2014: Espanha deixa para trás um ano de desafios ao bipartidarismo

A Espanha deixa para trás um ano turbulento e projeta para 2015 um período eleitoral que porá a prova algumas das tendências dos últimos 12 meses, anunciadoras de uma mudança qualitativa do cenário político.

Parlamento espanhol

Entre os acontecimentos significativos fica a abdicação do rei Juan Carlos I, visto por muitos como tentativa de recuperar o espaço perdido pela Casa Real, afetada por acusações de irregularidades e corrupção que, inclusive, levaram a infanta Cristina aos tribunais.

A proclamação de Felipe VI favoreceu uma renovação da imagem, diante do crescimento das correntes republicanas, ainda sem suficiente peso parlamentar para forçar uma mudança, mas – sem dúvidas – em expansão.

O caso, para além da atenção das crônicas sociais, mostrou o mal-estar da população pelos frequentes casos de corrupção que mancharam a monarquia, o Governo, os partidos políticos e as instituições financeiras.

Cristina de Bourbon foi vinculada a um caso de lavagem de dinhero e fraude fiscal no chamado "caso Noos", no qual seu esposo, Iñaki Urdangarin, aparece como um dos principais implicados em uma trama para se apropriar de dinheiro público.

Esses casos provocaram também a renúncia da ministra da Saúde Ana Mato, a prisão de um ex-tesoureiro do dirigente Partido Popular (PP) e acusações a outros dois, além de acusações a prefeitos e políticos envolvidos.

A situação refletida em uma pesquisa do Centro de Investigações Sociais (dependente do ministério da Presidência) levou a considerar o problema como o segundo que mais preocupa os espanhóis (63,9%), depois do desemprego (77%).

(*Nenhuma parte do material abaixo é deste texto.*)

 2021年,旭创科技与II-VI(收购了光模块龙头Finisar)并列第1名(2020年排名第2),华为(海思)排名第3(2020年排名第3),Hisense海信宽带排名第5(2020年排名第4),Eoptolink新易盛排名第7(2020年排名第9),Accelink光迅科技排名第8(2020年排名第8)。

O mais sintomático é que o problema provocado por práticas negativas de servidores públicos políticos e empresários subiu 21,5 pontos em seis meses na apreciação de preocupação dos espanhóis.

A crise econômica, a corrupção e o esgotamento do sistema estabelecido em 1978, são consideradas pelos analistas causas básicas de outro dos fenômenos característicos do ano: o auge explosivo do Podemos, o mais jovem partido espanhol.

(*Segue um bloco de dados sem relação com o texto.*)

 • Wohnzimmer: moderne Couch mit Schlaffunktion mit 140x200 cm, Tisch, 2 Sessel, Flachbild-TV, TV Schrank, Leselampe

Com propostas próximas às da esquerda tradicional, mas um discurso inovador próximo dos indignados que estremeceram as ruas do país em 2011, o Podemos está como quarto partido mais votado.

Nas eleições de maio para o Parlamento Europeu, a organização do professor universitário Pablo Iglesias obteve 1,2 milhões de votos e cinco eurodeputados com somente quatro meses de fundação.

Posteriormente, várias sondagens localizam esse partido no primeiro lugar da intenção de voto, algo relevante se se leva em conta que em 2015 haverá eleições municipais, regionais e gerais.

Sintomaticamente, seu auge vai acompanhado pela considerável queda do PP e do PSOE nas eleições e pesquisas, o que leva a muitos analistas preverem o início do fim do chamado bipartidarismo espanhol protagonizado por estes dois grupos.

As primeiras vítimas foram Juan Carlos I e o secretário-geral do PSOE, Alfredo Pérez Rubalcaba, substituído pelo pouco conhecido, porém carismático, Pedro Sánchez, um economista ex-jogador de basquete empenhado em renovar a face social-democrata.

O conturbado ano de 2014 espanhol teve outro de seus picos na consulta independentista não autorizada da Cataluña em 9 de novembro, que mostrou o auge do separatismo e também a falta de propostas do governo para enfrentar o nacionalismo.

Rajoy se nega rigorosamente a negociar qualquer variação de referendo, mas isso não detém o movimento secessionista, que planifica já em 2015 umas chamadas eleições plebiscitárias para seguir adiante.

O nacionalismo nesse território chegou a tais níveis, que seus protagonistas já não consideram como opção nem sequer a de uma reforma constitucional para dar mais espaço às regiões, ao que também Rajoy e o dirigente PP se opõem.

A polêmica parece estar impulsionando movimentos similares em outras regiões como o País Basco, onde em dezembro a independência passou a ser pela primeira vez a eleição mais favorecida nas pesquisas.

Outro elemento a ter em conta para o futuro é o auge dos movimentos sociais como protagonistas, com o aparecimento de grupos que procuram, junto com vários partidos, candidaturas capazes de destronar o PP e o PSOE nas eleições municipais, ao menos.

A mobilização cidadã conseguiu em 2014 bloquear uma restritiva lei de aborto promovida pelo governo em uma demonstração de forças que pode servir de impulso à luta pelos municípios mediante alianças locais.

Podemos, a esquerda e os movimentos sociais mostraram neste ano uma força capaz de influir no terreno político e fazer o bipartidarismo do PP e o PSOE tremer, uma opção que abre as portas para situações inéditas da política espanhola.